Exhibit 99.1
ISTA Pharmaceuticals’ First Quarter 2009 Revenue Increases 32% to $20.4 Million
- First Quarter Operating Loss Reduced to ($4.4) Million in 2009 from ($12.1) Million for
the Same 2008 Period -
- Ends First Quarter with $52.0 Million in Cash -
- Company Reaffirms 2009 Guidance and Continues to Progress Towards Profitability -
IRVINE, Calif., May 7 /PRNewswire-FirstCall/ — ISTA Pharmaceuticals, Inc. (Nasdaq: ISTA): today reported financial results for the three months ended March 31, 2009. ISTA reported net revenue of $20.4 million for the quarter ended March 31, 2009, a 32% increase over the same quarter of 2008. ISTA’s operating loss for the first quarter ended March 31, 2009 was reduced to ($4.4) million, or a 64% reduction from ($12.1) million for the same period in 2008. The net loss for the first quarter ended March 31, 2009, was $19.6 million (or $0.59 per share), as compared with a net loss of $13.9 million (or $0.42 per share) for the same period in 2008. The net loss for the first quarter of 2009 included a non-cash charge of $13.3 million (or $0.40 per share) as a result of the adoption of new accounting rules in 2009 relating to the valuation and classification of warrants issued in 2008.
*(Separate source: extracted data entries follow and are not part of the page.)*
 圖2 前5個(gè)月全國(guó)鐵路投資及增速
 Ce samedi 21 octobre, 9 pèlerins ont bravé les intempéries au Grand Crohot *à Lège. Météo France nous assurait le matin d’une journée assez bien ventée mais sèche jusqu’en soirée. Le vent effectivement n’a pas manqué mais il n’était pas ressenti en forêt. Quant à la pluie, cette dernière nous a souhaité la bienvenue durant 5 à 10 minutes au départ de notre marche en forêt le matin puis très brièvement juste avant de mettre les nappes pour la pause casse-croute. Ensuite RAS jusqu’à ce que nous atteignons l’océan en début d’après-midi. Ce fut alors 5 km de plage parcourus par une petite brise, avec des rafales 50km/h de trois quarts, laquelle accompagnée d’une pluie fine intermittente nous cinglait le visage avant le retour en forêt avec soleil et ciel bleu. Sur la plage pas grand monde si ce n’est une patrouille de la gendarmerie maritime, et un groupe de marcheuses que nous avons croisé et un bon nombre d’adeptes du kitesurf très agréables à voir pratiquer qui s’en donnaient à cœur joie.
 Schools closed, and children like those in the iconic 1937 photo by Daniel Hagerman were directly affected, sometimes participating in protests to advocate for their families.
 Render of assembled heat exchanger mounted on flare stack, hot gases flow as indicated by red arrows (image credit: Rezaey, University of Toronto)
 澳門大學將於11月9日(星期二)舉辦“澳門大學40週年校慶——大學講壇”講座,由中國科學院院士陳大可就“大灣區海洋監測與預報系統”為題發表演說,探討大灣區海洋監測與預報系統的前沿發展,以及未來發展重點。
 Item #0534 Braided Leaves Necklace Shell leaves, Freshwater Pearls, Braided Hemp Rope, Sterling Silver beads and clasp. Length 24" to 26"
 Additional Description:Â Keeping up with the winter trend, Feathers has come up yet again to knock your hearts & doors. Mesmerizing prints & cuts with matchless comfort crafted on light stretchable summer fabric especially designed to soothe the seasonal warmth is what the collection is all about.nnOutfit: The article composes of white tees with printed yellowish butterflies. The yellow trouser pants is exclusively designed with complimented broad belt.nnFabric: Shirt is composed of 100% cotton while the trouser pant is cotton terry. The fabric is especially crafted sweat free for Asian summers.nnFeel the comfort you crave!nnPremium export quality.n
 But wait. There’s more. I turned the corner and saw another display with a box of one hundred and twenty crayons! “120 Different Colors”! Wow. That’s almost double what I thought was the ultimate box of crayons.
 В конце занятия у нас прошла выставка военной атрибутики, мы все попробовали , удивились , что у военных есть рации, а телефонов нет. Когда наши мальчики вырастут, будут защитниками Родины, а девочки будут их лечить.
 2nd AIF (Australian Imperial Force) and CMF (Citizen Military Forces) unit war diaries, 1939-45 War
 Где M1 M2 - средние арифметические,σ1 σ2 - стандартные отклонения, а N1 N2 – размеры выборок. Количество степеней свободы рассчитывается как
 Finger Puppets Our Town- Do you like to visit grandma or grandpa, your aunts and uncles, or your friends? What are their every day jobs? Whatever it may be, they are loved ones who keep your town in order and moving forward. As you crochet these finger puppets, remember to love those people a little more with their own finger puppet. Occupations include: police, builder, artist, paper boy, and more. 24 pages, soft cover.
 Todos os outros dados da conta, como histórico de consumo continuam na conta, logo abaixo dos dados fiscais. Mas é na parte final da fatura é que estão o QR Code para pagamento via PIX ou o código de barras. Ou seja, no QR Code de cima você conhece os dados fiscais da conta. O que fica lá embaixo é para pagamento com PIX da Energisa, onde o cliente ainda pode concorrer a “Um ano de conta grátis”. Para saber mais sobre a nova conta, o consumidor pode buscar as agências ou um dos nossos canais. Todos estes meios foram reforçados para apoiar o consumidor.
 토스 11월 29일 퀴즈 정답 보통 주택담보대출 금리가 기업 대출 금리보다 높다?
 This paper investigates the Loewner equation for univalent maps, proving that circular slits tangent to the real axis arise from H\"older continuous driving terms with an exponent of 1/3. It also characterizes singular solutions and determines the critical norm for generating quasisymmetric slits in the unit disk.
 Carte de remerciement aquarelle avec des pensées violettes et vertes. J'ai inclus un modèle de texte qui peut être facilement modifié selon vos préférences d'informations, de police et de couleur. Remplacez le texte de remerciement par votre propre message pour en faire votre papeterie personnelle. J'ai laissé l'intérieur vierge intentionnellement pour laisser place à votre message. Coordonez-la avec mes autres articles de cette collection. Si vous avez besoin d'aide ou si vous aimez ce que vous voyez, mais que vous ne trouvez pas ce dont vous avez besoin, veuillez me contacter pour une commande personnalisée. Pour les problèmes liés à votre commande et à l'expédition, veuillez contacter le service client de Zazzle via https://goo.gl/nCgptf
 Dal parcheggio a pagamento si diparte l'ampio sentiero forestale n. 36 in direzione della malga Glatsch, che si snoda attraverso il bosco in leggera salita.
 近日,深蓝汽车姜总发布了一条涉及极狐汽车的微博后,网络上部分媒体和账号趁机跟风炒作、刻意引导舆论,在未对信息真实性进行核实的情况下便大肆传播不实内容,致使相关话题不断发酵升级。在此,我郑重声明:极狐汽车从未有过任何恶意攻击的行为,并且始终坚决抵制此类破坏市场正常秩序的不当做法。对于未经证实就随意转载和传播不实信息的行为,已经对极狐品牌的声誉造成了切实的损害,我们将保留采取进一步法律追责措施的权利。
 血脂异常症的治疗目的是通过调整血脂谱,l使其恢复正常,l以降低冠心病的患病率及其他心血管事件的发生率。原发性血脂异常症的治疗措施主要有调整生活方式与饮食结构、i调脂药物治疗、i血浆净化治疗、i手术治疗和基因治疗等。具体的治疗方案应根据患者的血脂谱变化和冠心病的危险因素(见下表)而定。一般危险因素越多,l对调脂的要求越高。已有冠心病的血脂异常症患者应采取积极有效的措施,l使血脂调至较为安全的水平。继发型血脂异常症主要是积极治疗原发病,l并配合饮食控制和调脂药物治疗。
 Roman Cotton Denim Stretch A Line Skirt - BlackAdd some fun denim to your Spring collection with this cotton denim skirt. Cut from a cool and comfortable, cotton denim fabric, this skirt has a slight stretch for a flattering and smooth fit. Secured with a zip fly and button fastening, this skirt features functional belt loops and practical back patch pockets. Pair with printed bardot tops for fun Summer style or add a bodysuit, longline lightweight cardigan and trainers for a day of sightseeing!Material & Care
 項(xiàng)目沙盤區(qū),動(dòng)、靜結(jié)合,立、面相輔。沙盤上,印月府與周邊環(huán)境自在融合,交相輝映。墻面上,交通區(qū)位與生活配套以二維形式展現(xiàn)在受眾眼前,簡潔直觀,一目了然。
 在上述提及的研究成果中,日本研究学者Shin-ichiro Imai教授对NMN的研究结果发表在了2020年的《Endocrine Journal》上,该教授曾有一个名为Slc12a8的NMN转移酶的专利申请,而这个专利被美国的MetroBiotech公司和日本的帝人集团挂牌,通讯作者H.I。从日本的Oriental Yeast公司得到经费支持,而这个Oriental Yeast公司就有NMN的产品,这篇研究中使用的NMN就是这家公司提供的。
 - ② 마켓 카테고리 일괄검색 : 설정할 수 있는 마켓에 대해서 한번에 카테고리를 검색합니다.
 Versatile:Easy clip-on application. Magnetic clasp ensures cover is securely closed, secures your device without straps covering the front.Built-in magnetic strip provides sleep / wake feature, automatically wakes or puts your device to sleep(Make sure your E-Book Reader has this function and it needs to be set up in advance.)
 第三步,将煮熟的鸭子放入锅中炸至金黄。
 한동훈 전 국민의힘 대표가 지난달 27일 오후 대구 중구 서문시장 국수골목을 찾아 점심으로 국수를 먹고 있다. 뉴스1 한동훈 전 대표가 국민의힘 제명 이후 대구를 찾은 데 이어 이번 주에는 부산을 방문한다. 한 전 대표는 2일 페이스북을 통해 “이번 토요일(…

“During the first quarter of 2009, ISTA became the fourth largest ophthalmic pharmaceutical company in the U.S. based on product sales. ISTA’s strong growth is due to the fact Xibrom and Istalol continue to gain market share in their respective markets. We expect both products to continue their growth in 2009,” stated Vicente Anido, Jr., Ph.D., President and Chief Executive Officer of ISTA Pharmaceuticals. “On the R&D front, during the first quarter we announced the FDA accepted the filing of our Bepreve New Drug Application (NDA) with an action date of September, 2009. We are seeking approval for Bepreve as a treatment for ocular itching associated with allergic conjunctivitis. We are tentatively scheduled to present at an FDA Advisory Panel for Dermatologic and Ophthalmic Drugs on June 26, 2009, subject to final confirmation by the FDA. Additionally, we continue to meet our timeline expectations for the final development of Xibrom QD and T-Pred, with clinical results expected in the second half of 2009 for both products. We also announced preliminary, positive Phase 2 results for ecabet sodium for dry eye and expect to announce during the second quarter of 2009 preliminary Phase 2 proof of concept results in dry eye for a
new proprietary, lower dose formulation of bromfenac sodium, the active ingredient in our product, Xibrom.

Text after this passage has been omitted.